The NJCCIC’s email security solution detected a new LockBit campaign dubbed LockBit Black. This campaign was also reported to the NJCCIC via incident reports and observed by information-sharing and analysis centers. The emails in this campaign contain malicious ZIP attachments and were seen using the same sender email address,
“JennyBrown3422[@]gmail[.]com,” and “Jenny[@]gsd[.]com.”

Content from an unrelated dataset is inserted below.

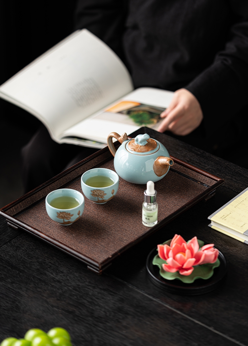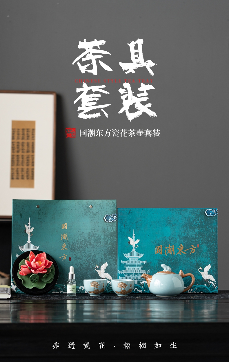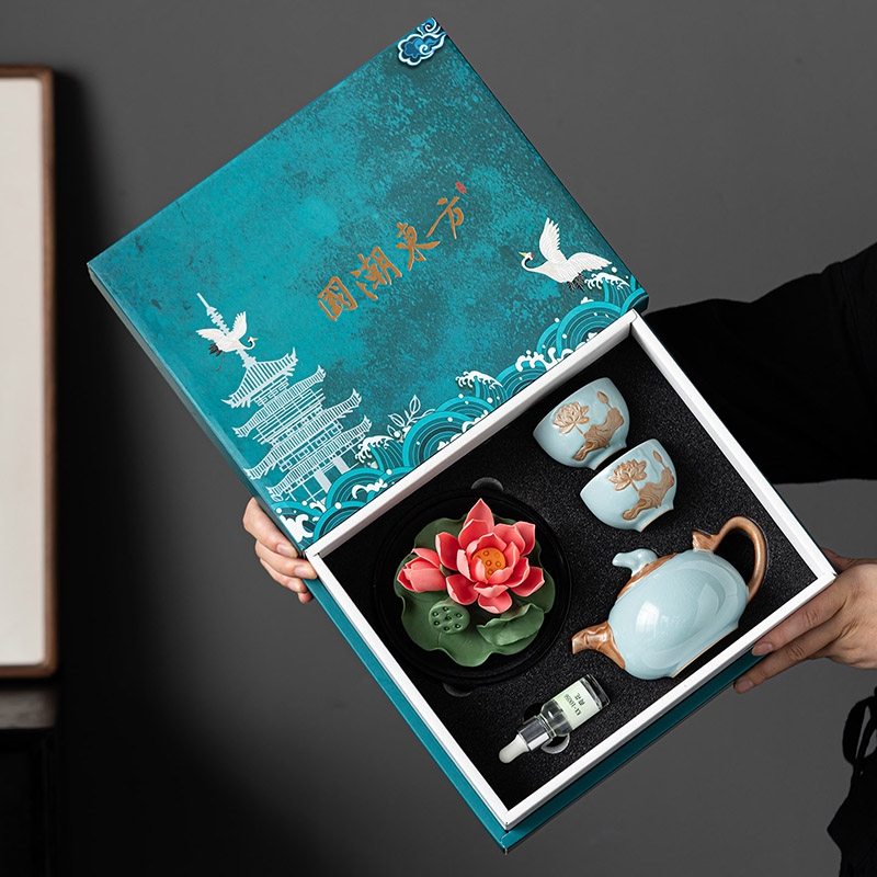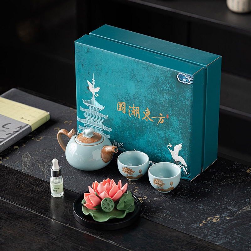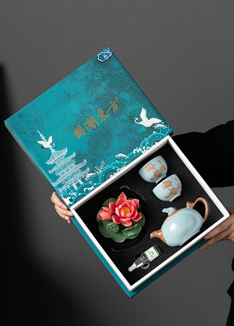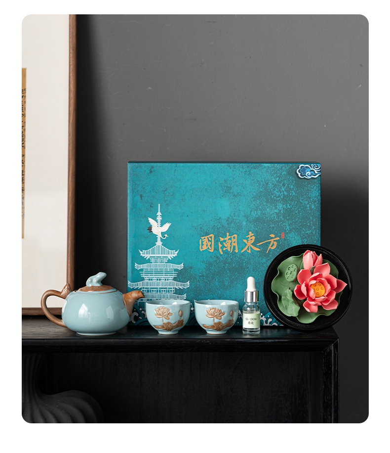 配置:壶*1 品杯*2 荷花*1 精油*1 礼盒*1

The ZIP attachment contains a compressed executable payload that, if executed, will encrypt the operating system with LockBit Black ransomware. Observed instances associated with this campaign were accompanied by the Phorpiex (Trik) botnet, which delivered the ransomware payload. Over 1,500 unique sending IP addresses were identified, many of which were geolocated to Kazakhstan, Uzbekistan, Iran, Russia, China, and other countries. Identified IPs hosting LockBit executables were 193[.]233[.]132[.]177 and 185[.]215[.]113[.]66. Subject lines included “your document” and “photo of you???”. All associated emails were blocked or quarantined.

Recommendations

• Participate in security awareness training to provide a strong line of defense and identify red flags in potentially malicious communications.
• Use strong, unique passwords and enable multi-factor authentication (MFA) where available, choosing authentication apps or hardware tokens over SMS text-based codes.
• Keep systems up to date and apply patches after appropriate testing.
• Install endpoint security solutions to help protect against malware.
• Utilize monitoring and detection solutions to identify suspicious login attempts and user
  behavior.
• Implement email filtering solutions, such as spam filters, to help block messages. The New Jersey Email Authorization & Authentication Set Up PDF and the Sender Policy Framework – SPF Guide NJCCIC products provide information on establishing DMARC authentication.
• Ransomware mitigation techniques and recommendations are available in the Ransomware: The Current Threat Landscape and the Ransomware: Risk Mitigation Strategies NJCCIC products. Phishing emails and other malicious cyber activity can be reported to the FBI’s IC3 and the NJCCIC.